The LA-based strength and conditioning coach has worked with individuals of all levels, from Olympic athletes to professional boxers to celebrities to those just looking to achieve their fitness goals.

Rushworth, who has more than 20 years of training experience, is currently training eight-time Olympic medalist speedskater Apolo Anton Ohno for his first marathon in November.

Here’s what he had to say about his experience as a trainer:

Q: When working with athletes from different backgrounds, what criteria do you use to assess them before starting a program?

A: Their training and performance history dictates everything to begin with. You need to understand where they have come from to understand where they are going. Then there is an entire evaluation process that will vary pending on what they do and what their goals are.

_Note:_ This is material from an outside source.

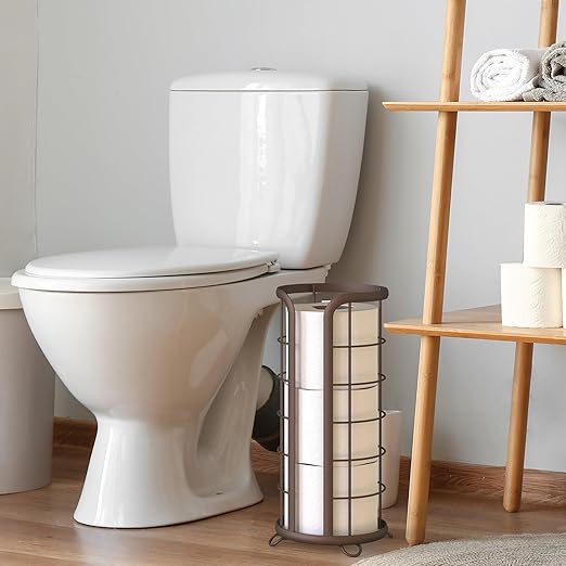 - HOLDS MEGA ROLLS - This freestanding toilet paper holder is the perfect storage solution for your bathroom or lavatory. Raised feet are featured on this unit which keeps your toilet paper off the bathroom floor, ensuring it is clean and dry.

Q: What are your favorite ways to fuel up and recover from training sessions?

A: I love brown rice pasta and a lean piece of protein for lunch and dinner the day before a big run. The morning of the run I love a fast-burning fuel, such as oatmeal with a banana, honey and cinnamon, and coconut oil and water – this is ideally one to 1.5 hours before the run. During the run, I like GU gels and a stick or two of honey.

For a quick recovery, I like to have coconut water, oatmeal with banana and honey, and a protein powder shake to refuel as soon as possible. I’ll also do some light stretching and am a fan of hot mineral baths.

Q: What advice do you have for people who want to get involved in training and coaching others?

A: Get experience and find a mentor. Once you surround yourself with like-minded and focused people, everything else will fall into place. I’m a huge advocate of manifestation, so if you see it, you will achieve it. Seek the best knowledge out there and keep looking when you have found it. Not one person or training system has all the answers.

Q: If you weren’t a trainer, what would you want to be?

A: Confucius said, “Do what you love and you’ll never work a day in your life.” If I’m not performing as an athlete or having the ability to help other people strengthen and condition their bodies, then that would only leave the other passions in life: the ability to be a full-time dad to my awesome sons Landon and Grayson and/or travelling and eating in every possible culture, just like Anthony Bourdain!

Todd Rushworth’s 5 Tips For First-Time Marathoners

1. Seek medical advice from a reputable doctor to be sure that you have no issues which may be a hazard to your health and well being.

More from Competitor.com: How To Become A Runner

2. Shoes are the most important tool of the sport. Once you find shoes that work for you, stick to it. These days it’s nearly worth buying several pairs of the same shoe at the same time, as when it becomes time to replace your shoes you have grown to love, they’ve been replaced by a similar improved model and it may not feel the same to you.  If you let your shoes run down too much, you’ll be wondering why injuries have started to occur.

3. Find a plan and training program that will best fit your fitness and athletic background, and stick to it as best as possible. Go crush it!

More from Competitor.com: Running 101–Race Fueling Made Simple

4. Don’t miss your long runs because these are the runs most important NOT to miss. Most marathoners are everyday people with families and work commitments so it’s easy to have your plan side-tracked with other things. Eventually you’ll understand where you can deviate and where you cannot.

5. Stay balanced. What most experts forget to warn people is that training can be addictive. The stronger you get and easier it becomes, the more you lose track of other things in life. Don’t forget about the other aspects like your family, friends or work – I’m always teaching the practice of balance with all my clients and athletes.